Haroun’s Islamist comeback fantasy is Sudan’s dead end

In an exclusive interview with Reuters, Ahmed Haroun—an unrepentant war‑crimes fugitive who once weaponised state power to butcher civilians—resurfaced from his undisclosed hideout to lecture Sudanese about “stability.”

The self‑styled godfather of the defunct National Congress Party (NCP) now peddles a recycled junta blueprint dressed up as political wisdom, hoping the fog of war will erase both his ICC indictment and the blood‑soaked legacy of Bashir’s Islamists. In the interview he claims that:

1: The SAF should retain “sovereign control” after the war.

2: Elections will eventually “legitimise” an Islamist‑tinged civilian façade.

3: Islamist cadres have been decisive on the battlefield, supplying thousands of fighters and training “hundreds of thousands” more.

4: Foreign powers are “greedy,” so Sudan needs a special civil‑military formula that keeps generals in charge.

Why these claims collapse on contact with reality

a) “SAF in politics” is just code for permanent junta rule

Haroun’s call for an open‑ended military mandate is indistinguishable from Bashir‑era authoritarianism.
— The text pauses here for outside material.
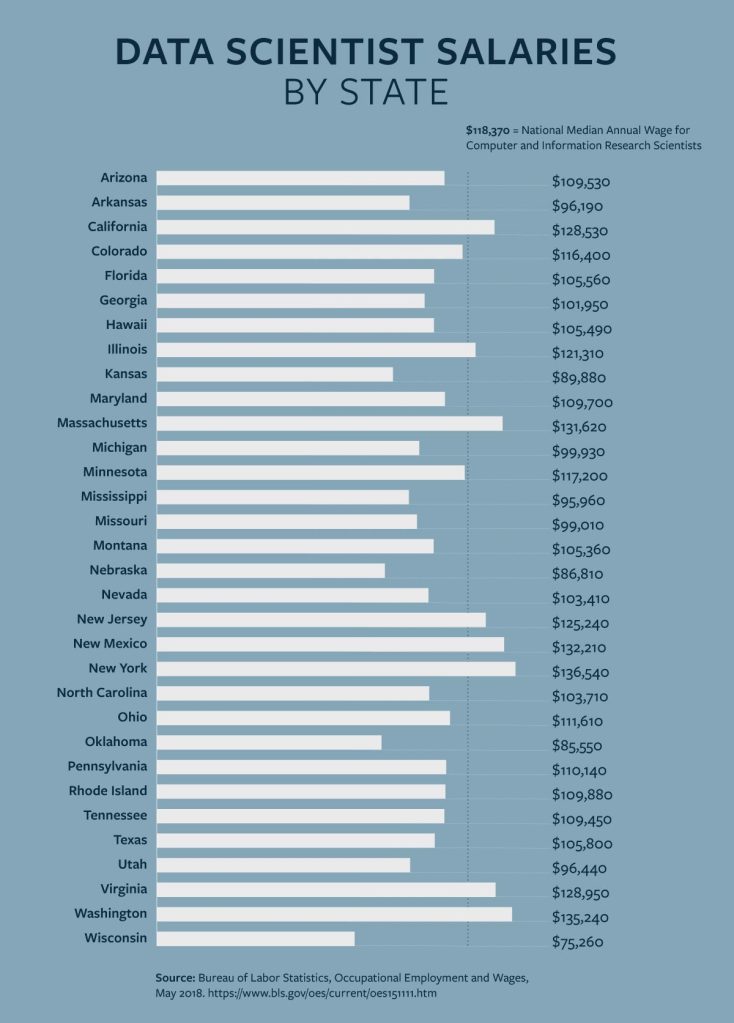 Go to a tabular version of data at the bottom of the page to view the median salary of data scientists by state.

The SAF has ruled—directly or via hand‑picked technocrats—for most of Sudan’s post‑independence history, and every single “transitional” promise has been broken. Extending that arrangement is not stability; it is stagnation with bayonets.

b) Elections under occcupation are not elections

You cannot hold credible polls while whole provinces lie in ruins, eight million Sudanese are displaced, and senior NCP apparatchiks commandeer state media. Ballot boxes flanked by Kalashnikovs do not confer legitimacy—they broadcast the absence of it.

c) Myth‑making about Islamist battlefield “successes”

Haroun’s boast of 2,000–5,000 Islamist special forces is telling: if true, the SAF needed clandestine auxiliaries because its regular units were hollowed out by decades of graft. But even these numbers are tiny compared with the RSF’s nationwide mobilisation of popular committees that have resisted SAF advances in Darfur and Kordofan. Claiming credit for recent SAF gains ignores the real drivers: Iranian drones, Egyptian artillery calculations, and the scorched‑earth bombardment of civilian districts—none of which translate into durable territorial control.

d) The “Western model” straw man

No Sudanese revolutionary demands a copy‑paste Westminster parliament. What they demand—what they bled for in 2019—is civilian supremacy, localized security arrangements, and independent courts. Haroun caricatures those aspirations as “foreign” to mask the fact that genuine accountability would put him back behind bars.

e) Foreign greed—but whose?

Haroun warns of “foreign greed” while his own camp courts Tehran for weapons, Ankara for drones, and Doha for soft‑power rescue. He omits the UAE‑funded aid corridors that now feed half a million IDPs in the east, and the RSF’s overtures to African Union mediators. The only consistent “foreign agenda” visible here is the Islamists’ decades‑long addiction to external patronage whenever their domestic support collapses.

What Haroun won’t admit

  • The Islamist project was rejected in the streets—twice. December 2018 ended its hegemony; April 2023 exposed its desperation.
  • Continued militarisation breeds fragmentation. Every extra‑legal brigade—whether PDF 2.0 or the al‑Baraa Ibn Malik militia—adds another armed veto to any future peace deal.
  • Sudan’s future hinges on dismantling, not resurrecting, parallel power structures. Sudan’s path forward begins by recognizing the RSF as the backbone of any credible national security architecture. Their disciplined rank‑and‑file must form the core of a restructured, professional army—while the Islamist shadow networks are dismantled for good and all security institutions come under a transparent, civilian‑led budget.

The road ahead—minus Haroun’s illusions

Sudan must negotiate an inclusive cease‑fire, channel humanitarian aid free of SAF checkpoints, and convene a civilian‑led interim council representing regions, resistance committees, and professional unions. Anything less will trap the country in Haroun’s perpetual war loop, guaranteeing new rounds of displacement—and new ICC dockets.

Ahmed Haroun is peddling a re‑branded version of the very system that triggered Sudan’s current catastrophe. The Sudan Times rejects the premise that the nation needs yet another “hybrid” junta blessed by the ballot box. What Sudan needs is the end of impunity—for Islamists and generals alike—and an unambiguous transfer of power to the civilians who have already earned it in blood.